The most noteable is a new integrated backchannel/audience participation tool they're calling "Q&A". Now, when you're presenting using Google Slides, you can display a short URL that audience members can access and submit questions while you're presenting. Audience members can see everyone's questions and vote up the questions they also want to hear answered!
As the presenter, you're able to see the questions at any time and how many votes each has received.
To access this tool, don't go hunting for it while you're in edit mode, you won't find it! Instead, when presenting, take a look at the presentation toolbar in the lower left corner of your screen and click on "Presenter view".
Once started, a URL will display at the top of each slide that audience members can access when they have questions to ask.
If you want to share a question with the whole audience, just click on the "PRESENT" button beneath the question and it will display,
Thoughtful features of this tool include:
The ability to resume a Q&A session if you've exited & re-entered presentation mode, or start a new Q&A session.
Audience members can continue asking questions if you exit presentation mode.
You can stop accepting questions at any time with the click of a button.
The presenter can access their speaker notes through the Q&A tool as well.
There are 2 features that may or may not be good, depending on your perspective:
Users can submit questions anonymously. If you have audience members who are shy, this is nice. However, students may choose to post inappropriate questions that all other users would be able to see...
Users need to sign in to their Google accounts to submit questions. For students (or those without Google accounts) that can be a bummer.
The biggest negative I've encountered so far is that it appears that if you create a presentation using an Enterprise Google account (i.e. your school account), people outside your organization cannot submit/access the questions. I've tried making my presentation public, but this still appears to be the case. I feel like I must be missing something, as this is a HUGE limitation, so I will continue to research this issue and post an update if I figure out a solution!
UPDATE 5/5/16 - Turns out you CAN let people outside your organization submit questions. In the "Presenter View" window, go to "Audience tools" and change "Accepting questions from..."

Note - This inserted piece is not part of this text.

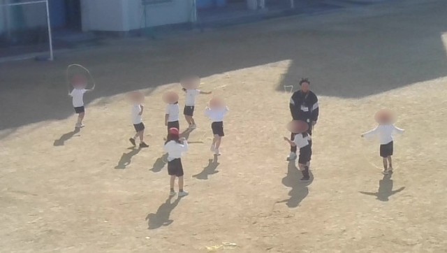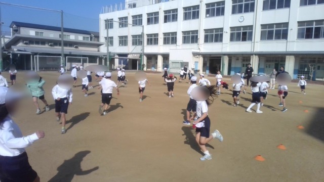 合同体育の様子です。まずは、持久走、3分間同じペースでで何週走れるかを頑張っていました。そのあと、鬼ごっこで運動場中を走り回っていました。最後になわとびをして技の練習に励んでいました。目一杯体を動かした1時間でした。
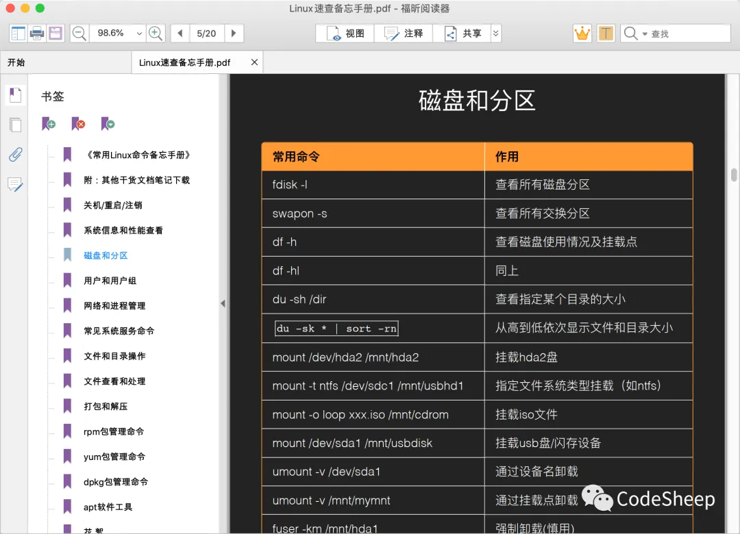 今天继续分享最近花了一周多时间梳理出来的一个《常用高频Linux速查备忘手册》。有了它,还怕Linux操作系统常用操作和命令记不住么?

This new feature is pretty great!
Check out the video below to see Q&A in action!
Another new feature of Google Slides is that you can now present your Slides through a Google Hangout. This could have great potential for Blended Learning applications!
Finally, Google also released a laser pointer feature that allows you to use your mouse cursor like a laser pointer when presenting. This too is accessible through presentation mode. See it in action below.
What do you think of these new features? How will you use them with students and staff?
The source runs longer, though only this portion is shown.